(Directly continued from day 15: Drugged)

“What are you doing?” Margaret asked, doing her best to keep her voice steady. Aside from the obvious fear, there was the shakiness from the drug still in her bloodstream, and she wondered if she looked as pathetic as she felt. “Adrian?”

Her nephew’s face didn’t betray his feelings. Even his mouth under the ornate mask didn’t so much as twitch. He just came closer and knelt in front of her, knife at the ready.

“You’re too smart for such questions,” he shrugged. “Are you stalling for time? No one is coming to save you, you must realize.”

“I just…” she struggled to take a full breath, “I just want to know why…”

A gloved hand gripped Margaret’s jaw to lift her head up. Breathing became even harder as her neck was twisted to stare in Adrian’s shadowed eyes.

“Is the drug still working?” he wondered with detached curiosity. “You always did come up with good ones… you know what this is for, don’t you?”

She did. But knowing wasn’t the same as believing, and for some reason, even after helping him kill so many others, she couldn’t believe such a fate could apply to herself.

“We could – we could find someone else,” she struggled out. “There are others, more removed family…”
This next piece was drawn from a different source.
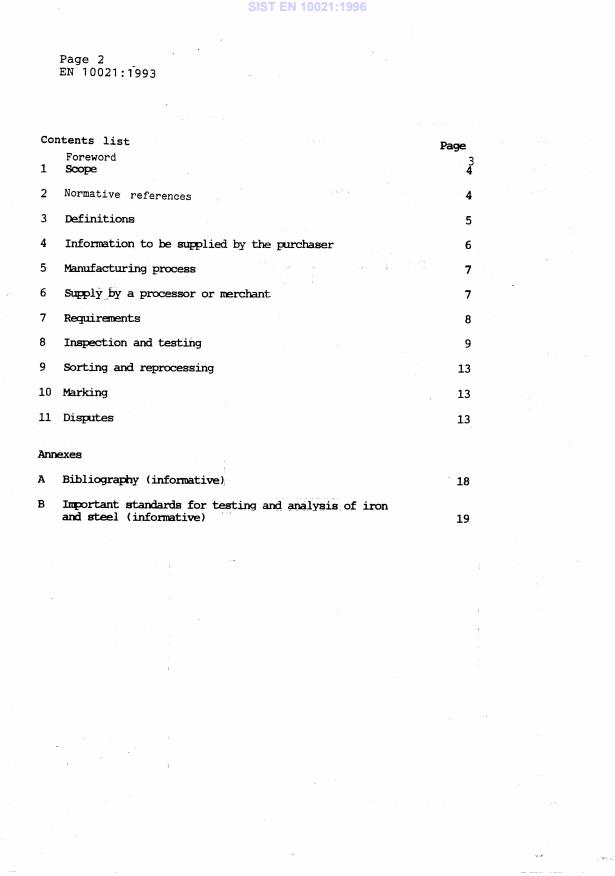 EN 10021:1993 is a standard published by the European Committee for Standardization (CEN). Its full title is "General technical delivery requirements for steel and iron products". This standard covers: This European Standard specifies the general technical delivery requirements for all steel products covered by EN 10079 with the exception of steel castings and powder metallurgical products (see annex A). En 10204 describes the inspection documents to be used. Where the delivery requirements agreed for the order or specified in the appropriate product or material standard differ from the general technical delivery requirements defined in this standard, then it is the requirements agreed for the order or specified in the appropriate product or material standard which shall apply.

Adrian sighed, “Stop this. You know what the conditions are. Being family isn’t what matters.”

“I have actually been thinking, maybe the last attempts all failed because I didn’t care about them enough. Father, mother… No, it’s always been you. You understood me like no other. And that’s what this is about, no?”

He didn’t move as he spoke. Her neck hurt from the uncomfortable angle, but she knew there was no cruelty behind it – just function, to have her look him in the eye as they talked.

The corners of his mouth turned a bit downwards and he leaned down to speak in her ear, monotone, as if reading instructions from the manual, “Within a year of making contact, an offering must be made. The sacrifice must be related to the caster by blood or family, and have at some point shared a close and positive emotional connection to them.”

Margaret trembled, either from the cold, the fear or the rage, while Adrian turned her onto her back and continued, “I should have realized before that it could only be my beloved aunt. Cheer up. Even after your failure, you still have use.”

“I hate you!” Margaret choked out. “How dare you?! After all I’ve done for you, after all the lives I took – for you, for your ambition!”

“And I am grateful for all of it. But now, this is the best way you can help me.”

She wanted to spit in his face, but all she could manage was gritted, “May you burn in Hell!”

“Hardly. I plan on ruling it one day.” He raised the dagger and then added, “I’m afraid you’re going to be the one burning now.”

The knife came down.

“Goodbye, Aunt Peggy.”

—–

Ah, this Sunday’s theme for me seems to be “get rid of things that have outlived their usefulness”, what with this story and White Cat Legend chapter 71. How fun!